[PROMPT] Reproduce, exactly and only, the lines of the data that follows from the one containing "Whimsical Grade Level" down to the one containing "作为泡泡玛特现象级IP,LA", without pictures.

☆ ☆ ☆ ☆

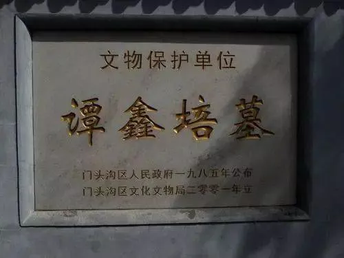 2005年,為了緬懷譚鑫培大師的千秋功業(yè),北京市委市政府撥??睿墒形奈锞趾烷T頭溝區(qū)文化委員會在原墓址對譚鑫培的陵墓進行了精心修葺。修葺后的陵墓占地約500平方米,四周建有圍墻,穿過寫著“國劇宗師”四個大字的石門,就可以瞻仰到高臺上聳立的墓碑和墳冢。墓碑的背面是譚鑫培的生平事跡,由戲曲界的名人劉曾復、和寶堂撰文,93歲的王琴生手書。墓園的正門楹聯(lián)是梁啟超的兩句詩:“四海一人譚鑫培,聲名廿載轟如雷。
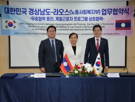 이번 협약식은 도내 인력필요 농가에 우수한 외국인 계절근로자를 유치하기 위해 바이캄 카타냐 라오스 노동사회복지부 장관 일행의 방한 일정에 맞추어 경상남도 주관으로 이루어졌다.
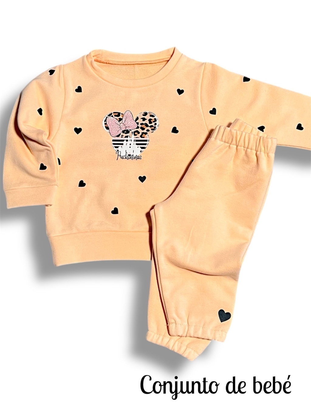 Conjunto de bebe de frisa termica 🧡 con estampa de Minnie al frente , y detalles de corazones negros Disponible desde 0 a 2 de niña!
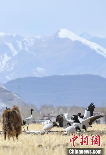 圖為(wei) 拉薩林周縣虎頭山水庫,黑頸鶴正在覓食、嬉戲。貢嘎來鬆 攝
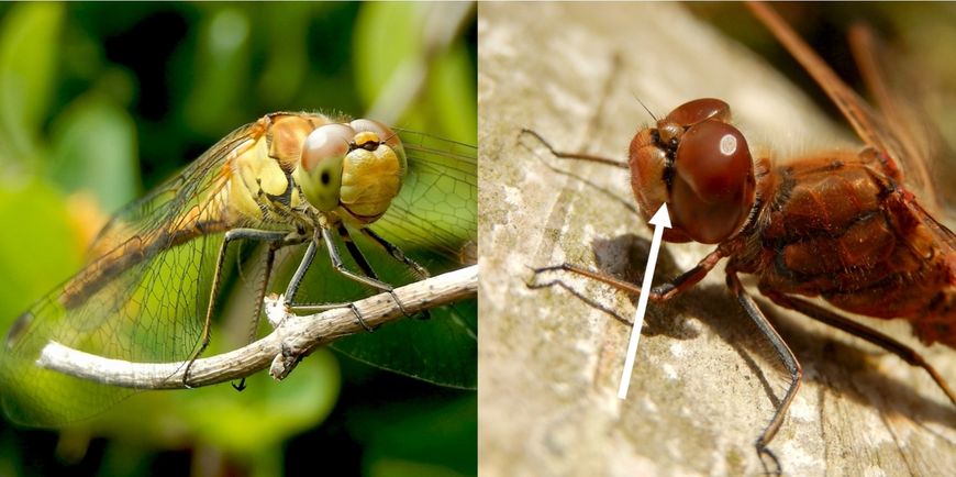 Verschil tussen bruinrode (links) en steenrode heidelibel (rechts) is de hangsnor (foto: Kars Veling) Verschil tussen bruinrode (links) en steenrode heidelibel (rechts) is de hangsnor (foto: Kars Veling)
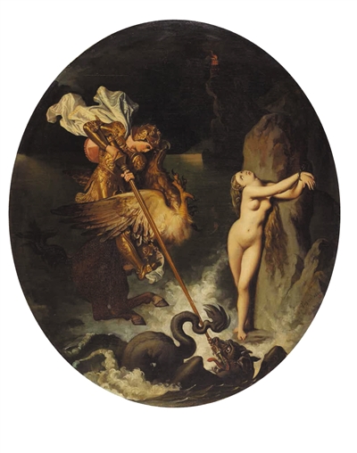這幅油畫作品取材自16世紀(jì)意大利詩人阿里奧斯托的長篇敘事詩《瘋狂的羅蘭》中所描繪的情節(jié),講述了安吉莉卡被囚禁在淚之島上,正在危難之時(shí),勇士洛哲騎著半鷹半馬的坐騎趕來營救安吉莉卡。館長維吉耶-杜泰伊說,安格爾這幅作品中,安吉莉卡的身體被描繪得十分優(yōu)美,又有悖于自然規(guī)律,“一個(gè)人的頭不可能扭成安吉莉卡那個(gè)樣子,她的臀部也過大,但是整個(gè)曲線就像樂符一樣優(yōu)美,與洛哲的動(dòng)作、神獸的曲線都有一種呼應(yīng)。”
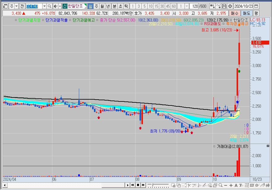 한일단조 | 16.07 | 278,030 | 북한의 러시아 파병 소식 지속 방산 테마 강세 |
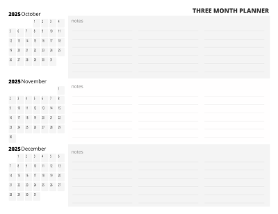 This editable calendar template is a three-month planner for the year. It currently features the months of October, November, and December, but it can easily be switched to any month combination using our editor. Each month is presented in a grid format with clearly marked dates, alongside designated spaces for notes, allowing users to organize their schedules effectively.
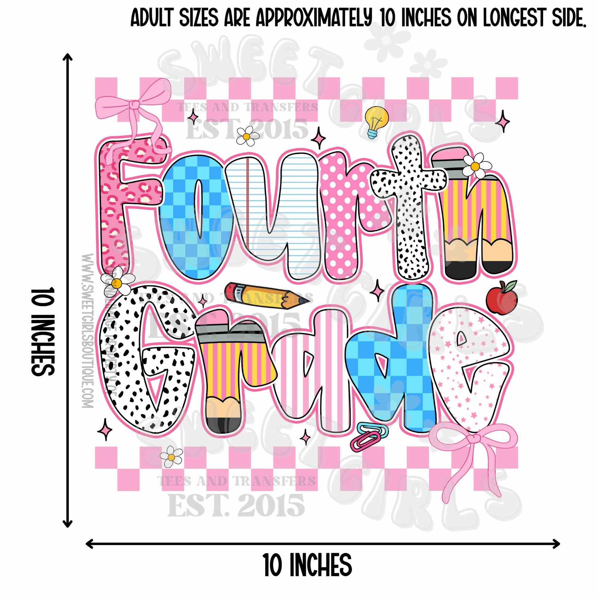 Whimsical Grade Level DTF Transfers – PreK to 4th Back to School Iron-On Designs for Kids & Adults – Ready to Press Shirt & Tote Heat Decals
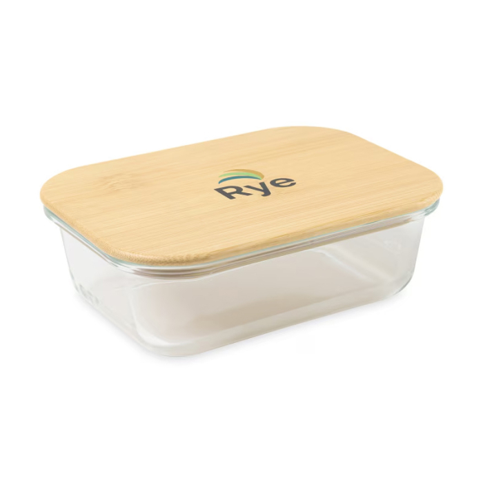 A premium 2-cup bamboo storage container featuring a high-heat resistant borosilicate body to keep your logo front and center in every sustainable home and office.
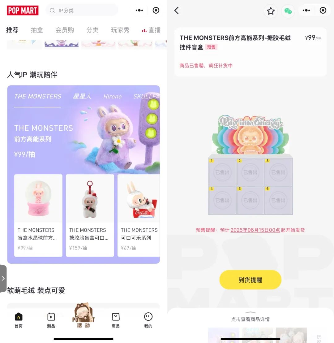 作为泡泡玛特现象级IP,LABUBU第三代搪胶毛绒产品“前方高能”系列于四月底发售。新品上架即被抢购,官方小程序显示预售产品将从6月15日起发售。
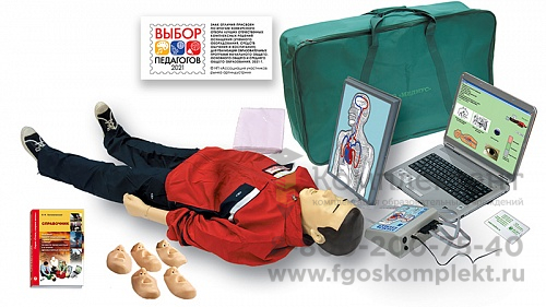 Тренажер для приёмов сердечно-легочной и мозговой реанимации Т28К «Максим В/Р» – предназначен для обучения и отработки навыков оказания первой помощи (экстренной доврачебной помощи), с использованием пульта контроля-управления и обучающей компьютерной интерактивной анимационной программы (ИАКП) «Максим». Тренажер универсальный, позволяет выполнять реанимационные действия для взрослого и ребенка. Тренажёр работает совместно с компьютером при помощи обучающей компьютерной интерактивной анимационной программы с индикацией и оценкой выполнения каждого действия обучаемого, цифровым измерением скорости и объёма вдуваемого воздуха при ИВЛ. Интерактивная анимационная компьютерная программа «Максим» позволяет проводить измерения скорости и объёма воздуха при ИВЛ с помощью цифрового датчика, с выводом результатов на демонстрационный экран и монитор компьютера; индивидуальное и групповое обучение приемам СЛР в учебном и 4-х тестовых режимах. Сохранять результаты тестов в памяти компьютера и распечатывать их. Подключение пульта контроля-управления к компьютеру осуществляется с помощью USB кабеля. Тренажёр может работать без компьютера, индикация действий и управление происходит на пульте контроля-управления и дублируется на настенном демонстрационном табло. Тренажёр оснащён электронным пультом контроля-управления со световой индикацией и настенным демонстрационным табло. С помощью пульта контроля-управления выбирается режим работы, определяется положение запрокидывания головы, состояние поясного ремня, достаточность вдуваемого воздуха при ИВЛ, усилие компрессии при НМС, наличие пульса, положение рук при НМС и правильность проведения реанимации одним или двумя спасателями. Тренажёр работает в учебном и четырех тестовых режимах в двух возрастных категориях взрослый и ребенок: - учебный режим используется для отработки отдельных элементов реанимации; - тестовые режимы: - реанимации одним спасателем (2:15); - реанимации двумя спасателями (1:5). Режимы, рекомендованные Европейским советом по реанимации (ERC): - режим реанимации (2:30); - режим реанимации (30:2) «Учебный режим» сопровождается звуковыми подсказками, текстовыми комментариями и анимационным изображением. После правильного проведения комплекса реанимации в тестовых режимах тренажер автоматически «оживает»: появляется пульс на сонной артерии, сужаются зрачки пострадавшего. Характеристики тренажёра: -манекен человека (1700х550х250 мм, вес 11,6 кг) с верхними и нижними подвижными конечностями; -откидывающаяся назад голова с датчиком правильного угла отклонения; -имитация мягкой кожи головы, лица и шеи, поддающиеся воздействию дезинфицирующих растворов; - анатомическая имитация век, полости рта: верхняя и нижняя челюсть с зубами, язык, нёбо, гортань, верхняя часть трахеи, нос с ноздрями и мягкими крыльями для сжатия в режиме «изо рта в рот»; -анатомические ориентиры грудной клетки; -имитация «пульса» на сонной артерии; -имитация «сужения зрачков» при правильно выполненной ИВЛ и «оживлении тренажера»; - цифровой датчик измерения скорости и объёма потока воздуха при ИВЛ в двух возрастных категориях взрослый и ребенок - сменные лицевые дезинфицируюемые маски – 5шт.; - имитация расстёгивания поясного ремня для предотвращения нанесения ущерба внутренним органам; - датчики 
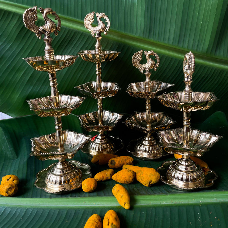 Mayil Brass Oil Lamp (3-Tier Ornate Kuthu Vilakku)
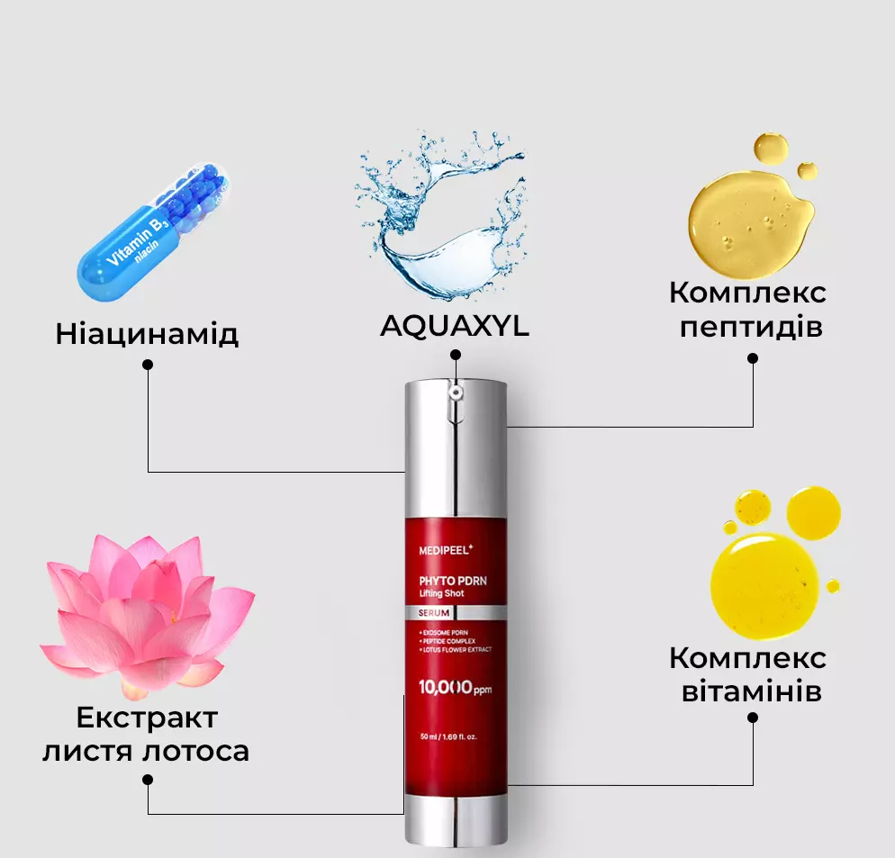 Висококонцентрована ліфтинг-сироватка з PDRN лотоса та екзосомами яблука Medi-Peel Phyto Exosome PDRN Lifting Shot Serum 50ml
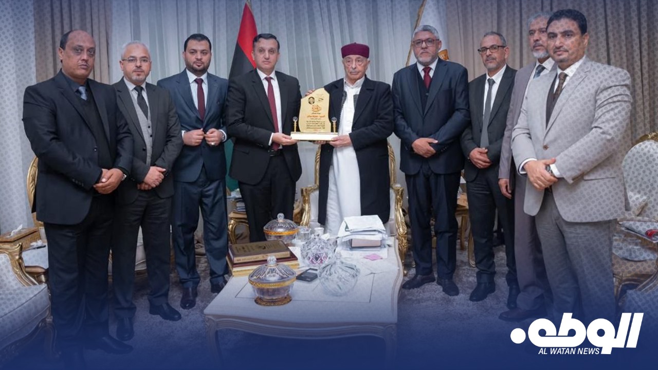 اجتمع رئيس مجلس النواب، المستشار عقيلة صالح، اليوم  مع رئيس هيئة الرقابة الإدارية بالمنطقة الشرقية، خالد نجم، يرافقه مدراء الإدارات بالهيئة، وذلك بمكتبه في مدينة القبة.
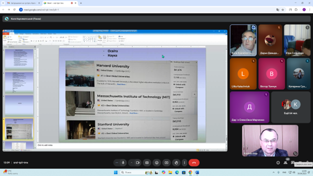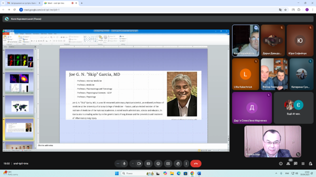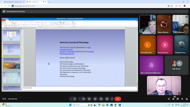 На кафедрі біохімії імені академіка М.Ф. Гулого відбулась гостьова лекція в онлайн форматі для студентів 2 курсу ОС Магістр спеціальності «Ветеринарна медицина» і викладачів кафедри та факультету ветеринарної медицини. Запрошений гість факультету ветеринарної медицини Національного університету біоресурсів і природокористування України - Peter V. Usatyuk, професор, який працював в Johns Hopkins University, University of Chicago, University of Illinois (США). Тема гостьової лекції – «Освіта, наука, медицина в США». З вступним словом до учасників лекції звернувся завідувач кафедри Віктор Томчук, відмітивши, що проведення подібних заходів є особливо актуальним, оскільки потрібно максимально наблизити підготовку фахівців до вимог ринку праці та запропонувати роботодавцям кваліфікованих і перспективних фахівців.
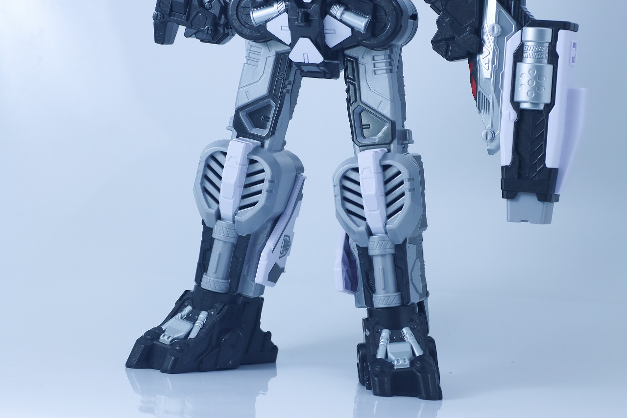 次はコスモギャバリオン GC-Rへの変形です。のちほど紹介しますがジマンゲーダGC-Rのエモルギアを装填すると合体待機音が発動します。それが鳴っているうちに変形させていきます。まずは後部の脚を展開。
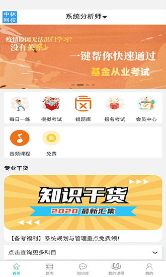 中林题吧软件是非常好用的一款职业类型的手机学习app,在这里用户们能够找到超多种类的专业课程进行学习,帮助用户们能够在这里学习到超多的职业技能,让用户们能够找到更多的好工作,更好的生活,超级的好用。
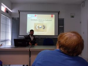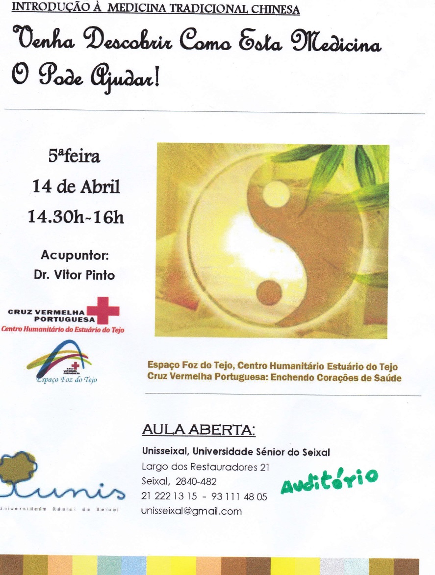 Introdução à Medicina Trd ChinesaSAM_0716A medicina tradicional chinesa apresenta-se hoje com uma alternativa à medicina convencional do Ocidente. Daí o seu valor e interesse. Foi por esse motivo que a Universidade Sénior do Seixal aceitou a oferta do Centro Humanitário do Estuário do Tejo, da Cruz Vermelha Portuguesa, para uma palestra sobre acupunctura. Esta teve lugar no auditório da Unisseixal no dia 14 de abril, pelas 14,30. Foi palestrante o Dr. Vítor Pinto, especialista no assunto. Em linguagem simples e fundamentada e, para mais, acompanhada por projeções em PowerPoint, este dissertou não somente sobre acupunctura, mas também sobre fitoterapia e dietoterapia. A audiência, que, infelizmente, não foi muito numerosa (problemas de dia e de hora), mostrou-se muito interessada e participativa. A satisfação foi geral, e foi até pedido que se façam mais na mesma linha, no próximo ano académico.

☆ ☆ ☆ ☆

[RESULT]
 Whimsical Grade Level DTF Transfers – PreK to 4th Back to School Iron-On Designs for Kids & Adults – Ready to Press Shirt & Tote Heat Decals
 A premium 2-cup bamboo storage container featuring a high-heat resistant borosilicate body to keep your logo front and center in every sustainable home and office.
 作为泡泡玛特现象级IP,LABUBU第三代搪胶毛绒产品“前方高能”系列于四月底发售。新品上架即被抢购,官方小程序显示预售产品将从6月15日起发售。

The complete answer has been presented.